This was his existence for the past three months – apart, perhaps, from a few days following his three-goal cameo against Gold Coast in round eight – after he emerged as a competition star with 53 goals last year.
McDonald and his teammates after their Queen's Birthday loss to Collingwood. Picture: AFL Photos
The 26-year-old followed that with only eight majors in his first 12 matches this season. Worth noting, too, were his 10 behinds, after he became a deadeye dick in 2018.
McDonald's struggles mirrored the Demons' on-field fortunes, with the reigning preliminary finalists lurching to a 3-9 win-loss record that effectively ended their post-season hopes.

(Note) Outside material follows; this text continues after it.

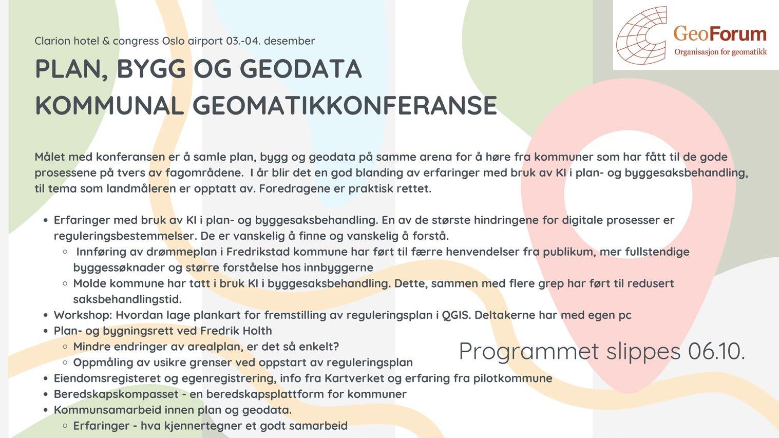 Konferansen har praktisk rettede foredrag innen plan, bygg og geodata. På årets konferanse blir det mer om erfaringer med bruk av KI i plan- og byggesaksbehandling, eksempler fra kommunesamarbeid, workshop; hvordan lage plankart i QGIS, mer om arealoverføring, veilederen om privat avtale om grenser og beredskapskart, for å nevne noe. Programmet er straks klart.

Both were back in a big way at the MCG on Saturday against finals aspirant Fremantle, although not before a fittingly frustrating first half.

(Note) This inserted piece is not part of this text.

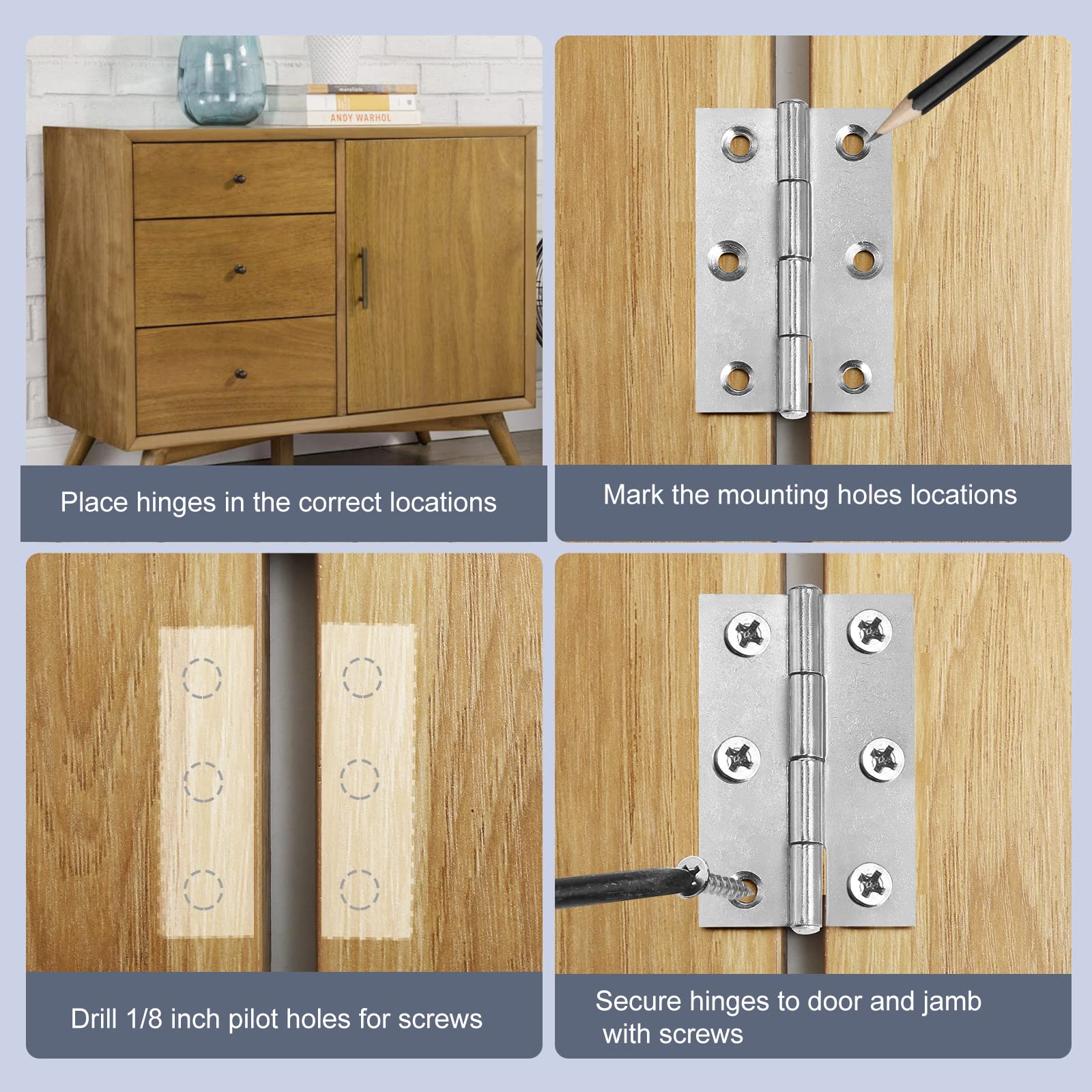 - MULTI-COMPATIBILITY: 12 x Cabinet Door Hinges and 72 x Mounting Screws. Whether your door opens left or right, you can use folding butt hinge.

McDonald kicked consecutive brilliant goals in the final term to seal the 14-point victory – one from beyond 50m, and another an expert dribbling attempt – and finished with three, plus 28 disposals.

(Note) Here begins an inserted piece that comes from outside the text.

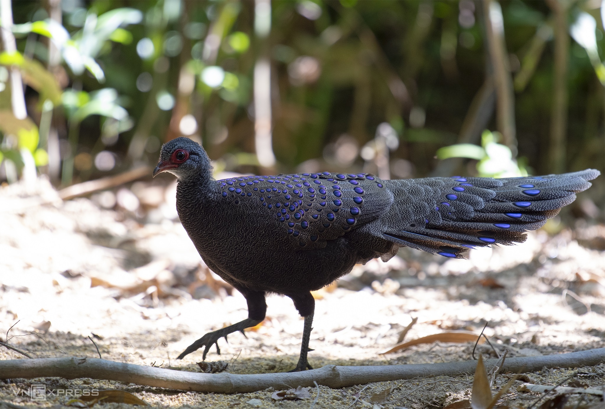Germain's peacock-pheasant (Polyplectron germaini) is endemic to mainland Southeast Asia. The name commemorates the French veterinary army surgeon Louis Rodolphe Germain. The bird, approximately 60 centimeters long, has a finely spotted buff, short crest, bare red facial skin, brown iris and purplish-blue ocelli on its upper-body plumage. (Photo: Andy Nguyen) |

"I haven't really paid too much attention to (the criticism), but I know I haven't been playing well," he told AFL.com.au post-match.
"It's been incredibly frustrating … but today I felt like I was building at the start of the game and finally had a little bit of an impact.
"(The critics) aren't having a personal crack – they're just saying, 'You're not playing very well and you're not very good at the moment', which, whether you listen to it or not, maybe it helps you sort of build a bit of a grudge and forces you to play well.
"It's probably the longest patch I've been out of form, so you've got to find different ways to deal with it – and I've tried a few different things – but I think the bye week was really good … and I came back really excited to play this week."
McDonald celebrates a goal in the final term against the Dockers. Picture: AFL Photos
So impressive last year was former defender McDonald, along with top-10 draft pick Sam Weideman's late-season emergence, that Melbourne was comfortable enough to trade Jesse Hogan.
Weideman has also battled to live up to the lofty expectations the pair helped create and he's received his share of criticism, an experience he detailed this month after re-signing for two years.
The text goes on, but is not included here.